司宴眼神左撇右撇,就是不看沈知言,「沒說什麼啊……」就是把他們的關係說的曖昧了一點兒,剩下的,可全是明姐腦補的。
司宴低頭,嘴角緩緩勾起一抹愉悅的笑容。
沈知言拉著他的衣領,警告道,「以後別在別人面前胡說八道,要是讓我發現……」
「放心,我肯定不會的。」司宴信誓旦旦地保證。
沈知言對此保持懷疑態度,他鬆開了抓著司宴衣領的手,皺眉看他下巴處的創口貼。
「你的傷為什麼還沒好?」按理說,Alpha身體素質很強,恢復力也好,這麼點的傷口,應該早就好了啊。
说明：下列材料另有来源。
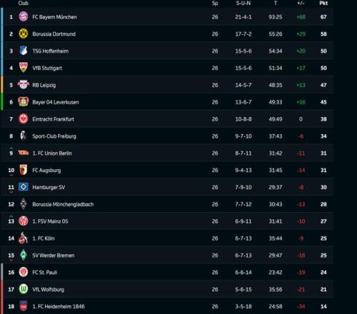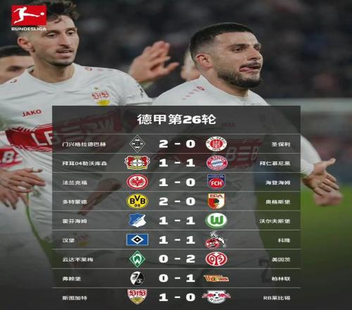 隨著北京時間3月16日淩晨進行的歐冠席位的關鍵爭奪戰中,斯圖加特1比0力克萊比錫,德甲第26輪全部比賽全部結束。被罰下2人的拜仁慕尼黑,在客場1比1艱難逼平勒沃庫森;而多特蒙德2比0擊退前來造訪的奧格斯堡,將與拜仁的分差縮小至9分;霍芬海姆戰平沃爾夫斯堡後積50分,而斯圖加特贏球後積分也來到了50分,因淨勝球劣勢屈居第四;RB萊比錫積47分排名第五,勒沃庫森積45分,本輪遺憾錯失了反超萊比錫的機會。
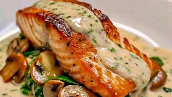 • سمك السلمون بزبدة الثوم مع السبانخ والفطر في صلصة كريمية
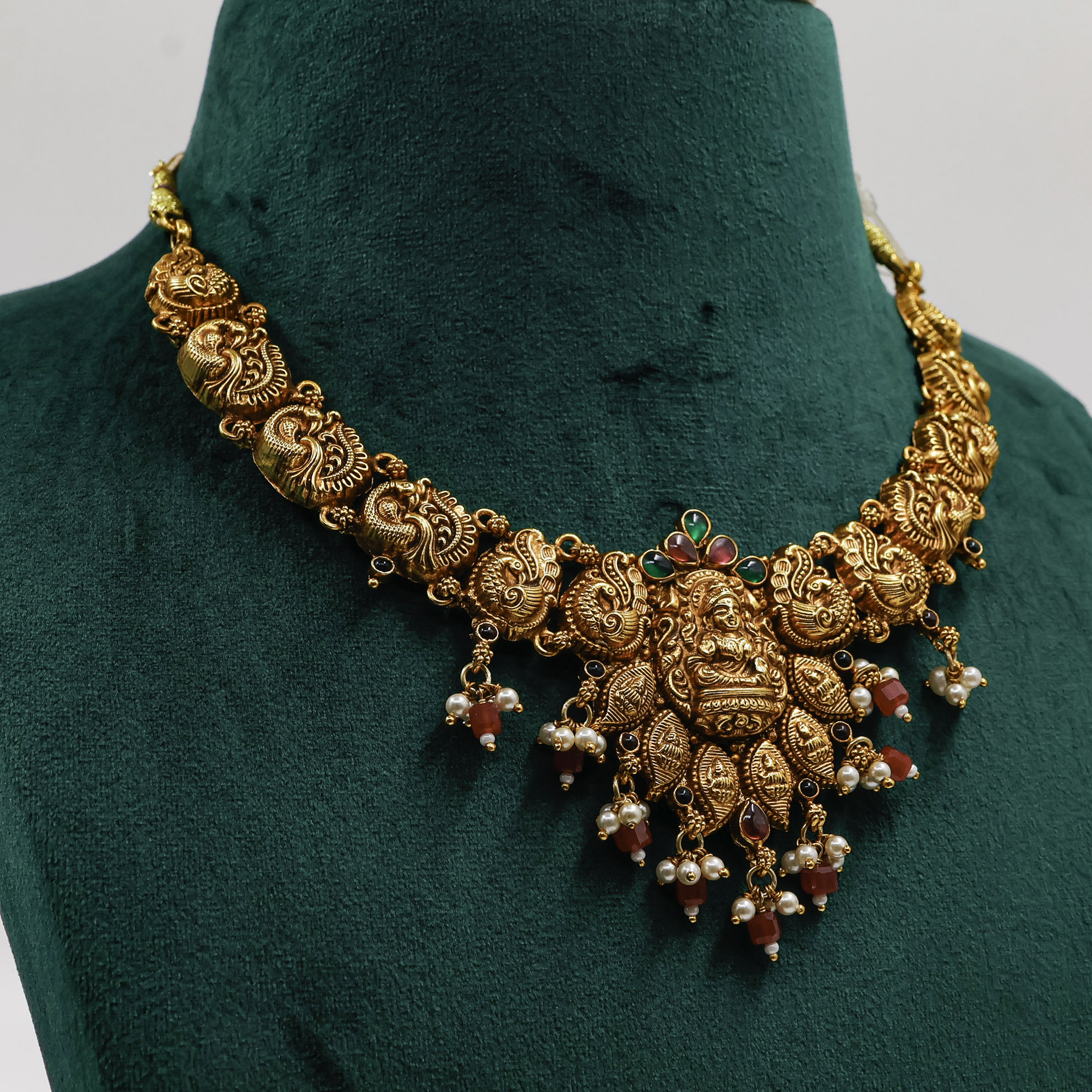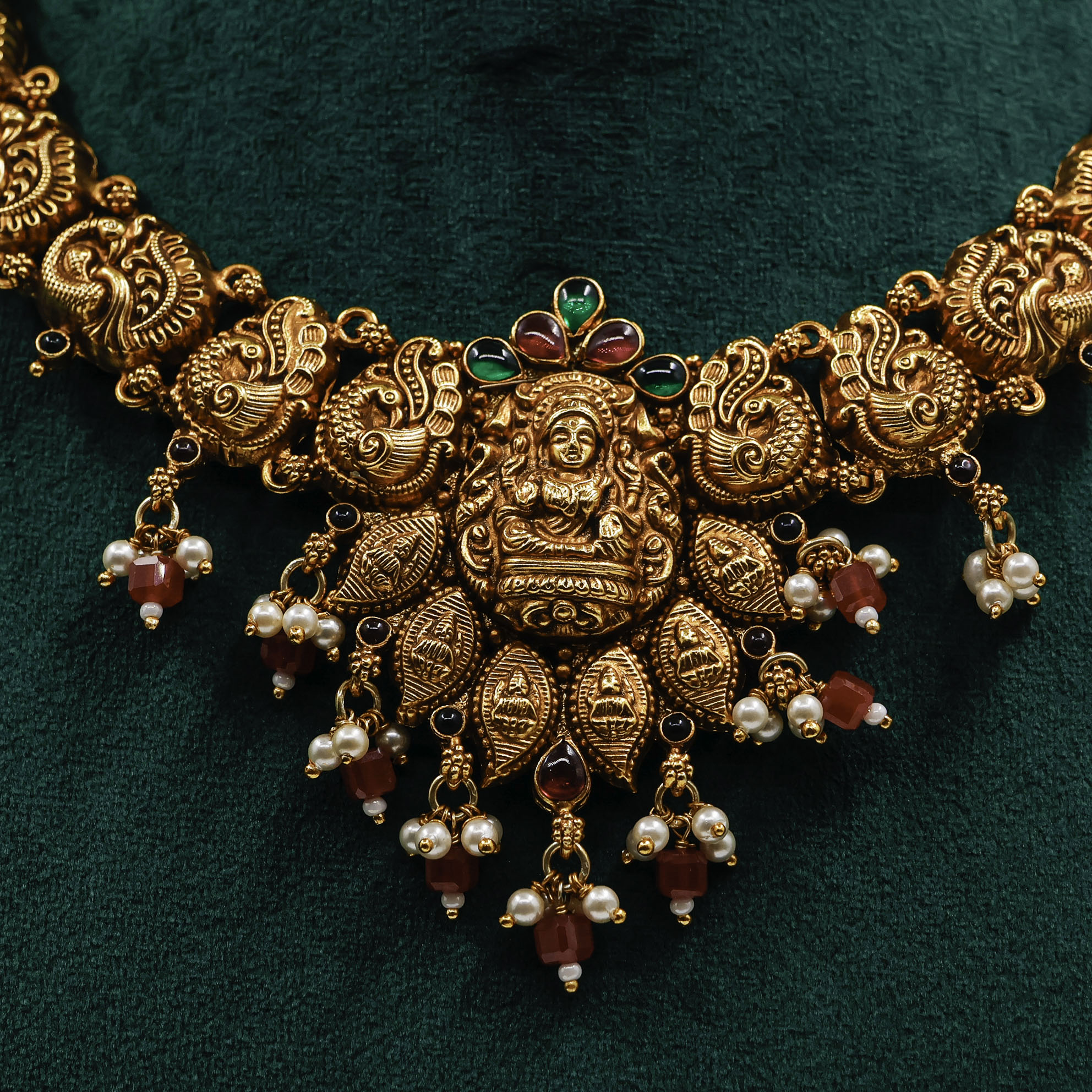 Traditional Gold Polished Silver Lakshmi necklace featuring intricate detailing, perfect for weddings and festive occasions. Buy Gold Polished Silver Lakshmi Necklace from Raag Silver Jewellery in Hyderabad.
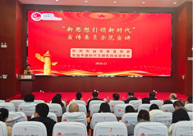 东台市委宣传部、东台市新时代文明实践促进中心在东台市新时代文明实践大讲堂开展“新思想引领新时代”学习党的二十届三中全会精神宣传委员示范宣讲活动,让全会精神直达基层,深入一线。
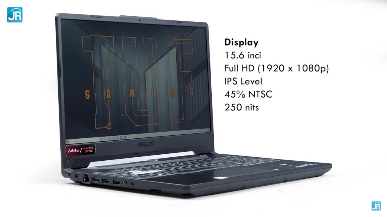 Beralih ke Display, perangkat ini memiliki layar berukuran 15.6 inci dengan resolusi Full HD (1920 x 1080p). Panel yang digunakan yaitu 45% NTSC dengan tingkat kecerahan 250 nits. Layar ini juga sudah mengusung refresh rate yang tinggi untuk sebuah laptop gaming yaitu 144Hz.
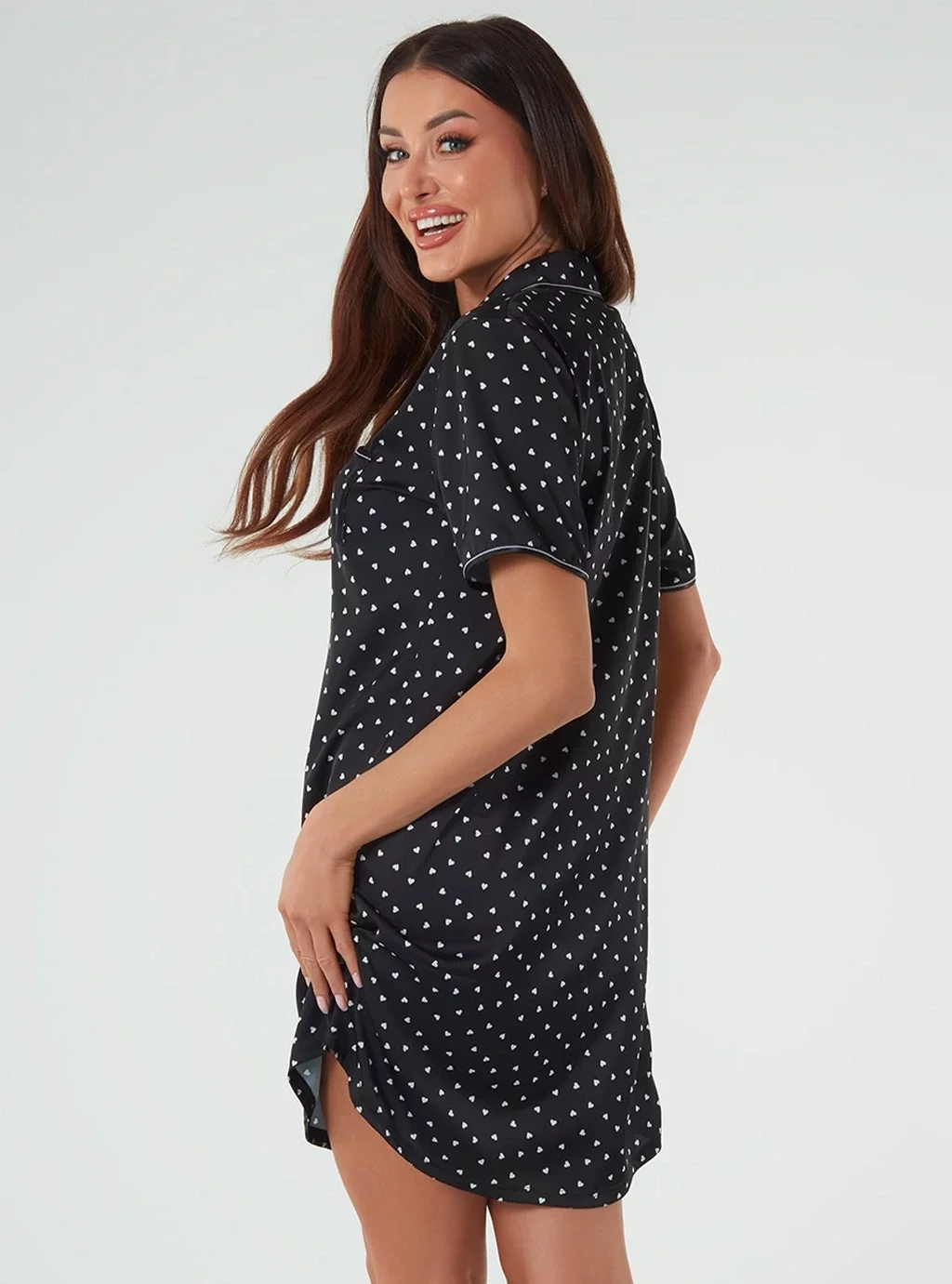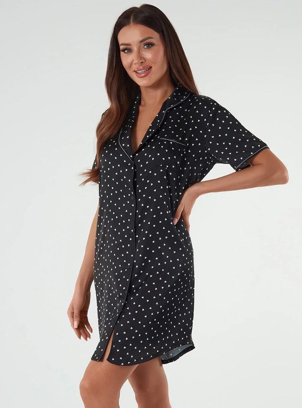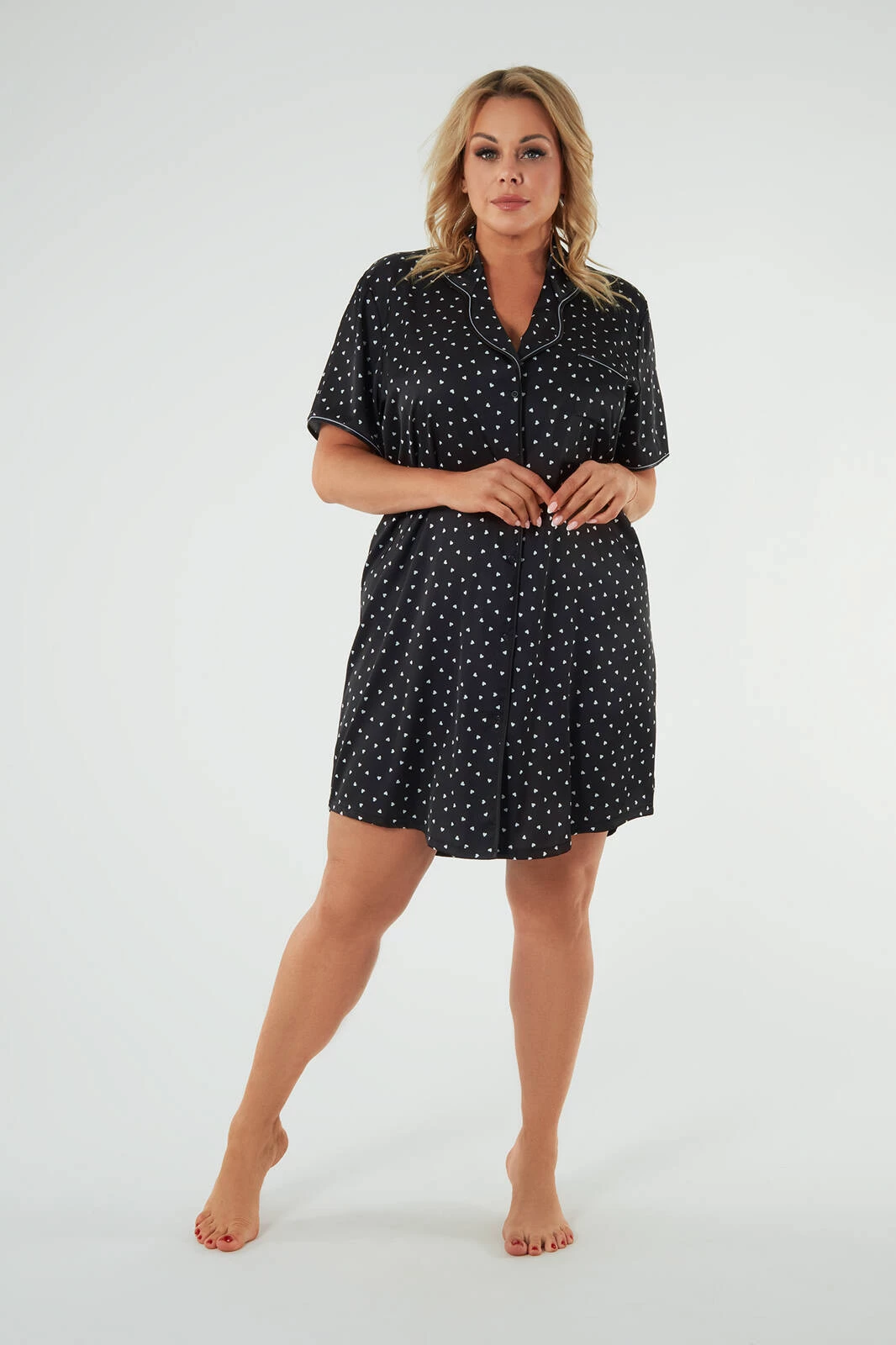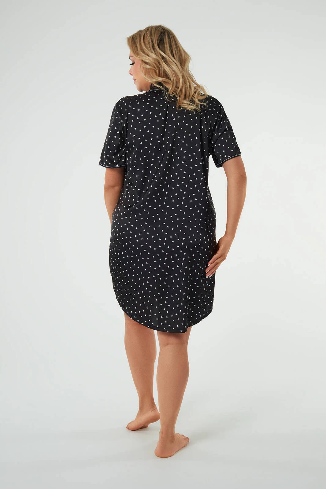 Dekolt w kształcie litery "V", wykończony eleganckim kołnierzykiem z wyrazistą lamówką, podkreśla jej subtelną elegancję, a niewielka kieszonka na przodzie dodaje całości uroku. Urokliwy wzór w serduszka dodaje lekkości, idealnie pasując do wiosennych i letnich nocy. Krótkie rękawy sprawiają, że koszula jest idealna na cieplejsze dni, zapewniając komfort i styl na każdą porę dnia.
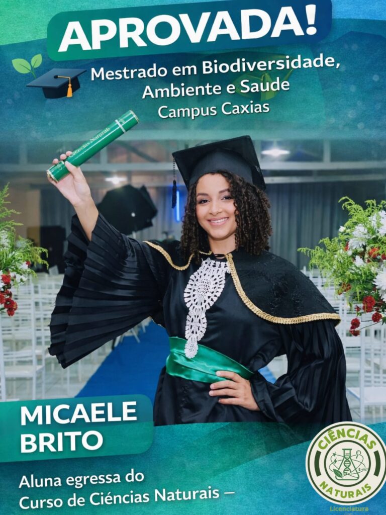 Micaele Brito da Costa também celebrou a aprovação no PPGBAS, ressaltando o apoio recebido durante a graduação. “É uma conquista maravilhosa, resultado de muito esforço, dedicação e aprendizado, além do apoio de pessoas fundamentais nessa caminhada. Minha graduação foi marcada por experiências enriquecedoras e conquistas importantes”, destacou, agradecendo ao Curso de Ciências Naturais Licenciatura e ao Laboratório de Estudos de Lepidóptera (LEL).
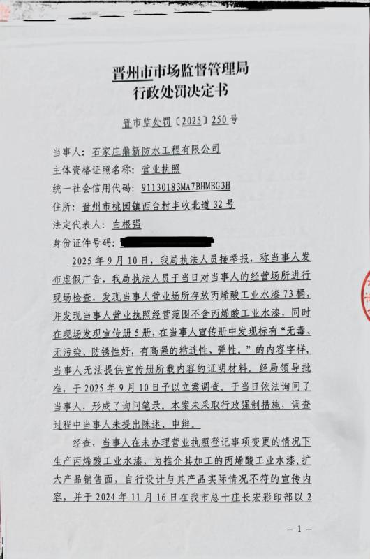 石家庄鼎新防水工程有限公司未依法变更市场主体登记事项、发布虚假广告案
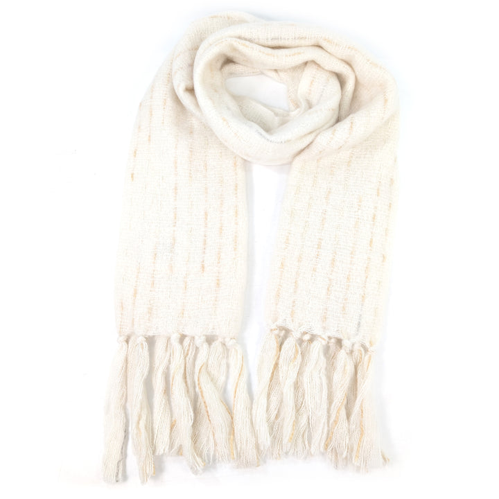 This cream Lipah scarf is the definition of understated charm. The woven ribbon adds a delicate shimmer that catches the light, while the tonal tassels finish it off with flair. Effortlessly versatile and endlessly elegant.

司宴眼裡閃過一抹心虛,他捂著自己的下巴,「言言,好疼啊。」
他上前,輕輕環住了沈知言,把腦袋伸到他面前,指著下巴,「要你吹吹下巴才能好~」
沈知言輕推了他一下,「走開!」
至此,沈知言對司宴的印象又增加了一個——黏人的狗東西。
第17章 穆茶和葛嶼臣。/ 關係。/電話。
今天,沈教授在家裡窩著,突然聽到了急促的敲門聲。
沈知言被敲門聲吵醒,睜開眼,按了按自己的眼皮,此時那雙眼睛中還帶著剛醒來的迷茫,
他清醒了一會兒後,聽著還在不間斷的敲門,最後翻身下床,拉開門,
沈知言不愛與人交流,相熟的朋友很少,而在這個點來敲門的……除了那個黏人的狗東西,還能有誰?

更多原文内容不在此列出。